I agree with this statement:

tharn wrote:
Clothing can be a powerful means of self-expression; knowing what messages you're sending is a skill that could potentially come in handy. *shrugs*


But I must point out that clothing sends different messages to different people. No matter what you wear, some people will love it, some will hate it, and some will be indifferent to it. In other words, what you wear will always attract some people and repel others. This is inevitable, but I have found there are two common ways to deal with it.

One approach is to design your outfits to attract people you are most likely to become friends with and repel people you are least likely to become friends with. This can be done in numerous different ways. The easiest method is to simply dress like your current friends or people you would like to have as friends, ideally putting your own spin on it so that you don't look like you're literally imitating other people.
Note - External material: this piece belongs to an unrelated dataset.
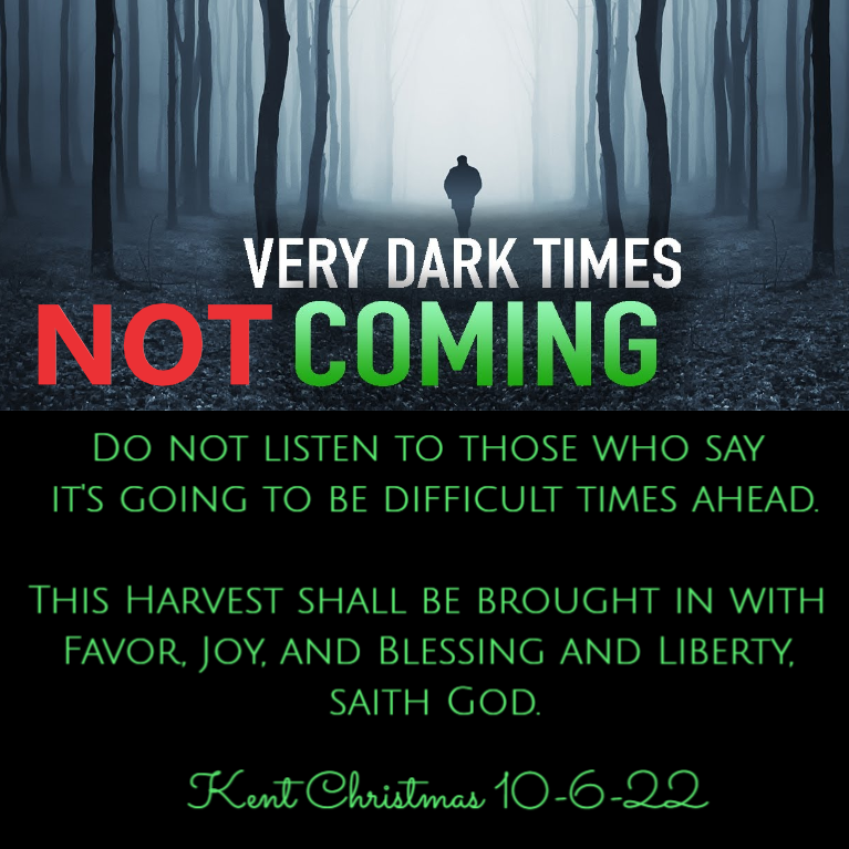 Do not listen to those who say it’s going to be difficult times ahead. My people have already lived in difficult times, and they stood in Covenant with me. This Harvest shall be brought in with Favor, Joy, and Blessing and Liberty, saith God. (Kent Christmas 10-6-22)
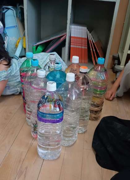 明後日の井高野フェスティバルに向けての準備です。この学級ではボウリングをします。

The advantage for people on the spectrum is that the clothes communicate for you, which helps if you're not very outgoing.

The other approach is to try to dress in a manner that is likely to offend as few people as possible. I can't say much about this approach because it does not come naturally to me - if I try to dress in a neutral and highly unoffensive manner, I think I look boring. However, I think this is the way in which most people dress. The advantage for people on the spectrum is that it's easy to dress this way and it can help you to avoid unwanted attention (of any kind).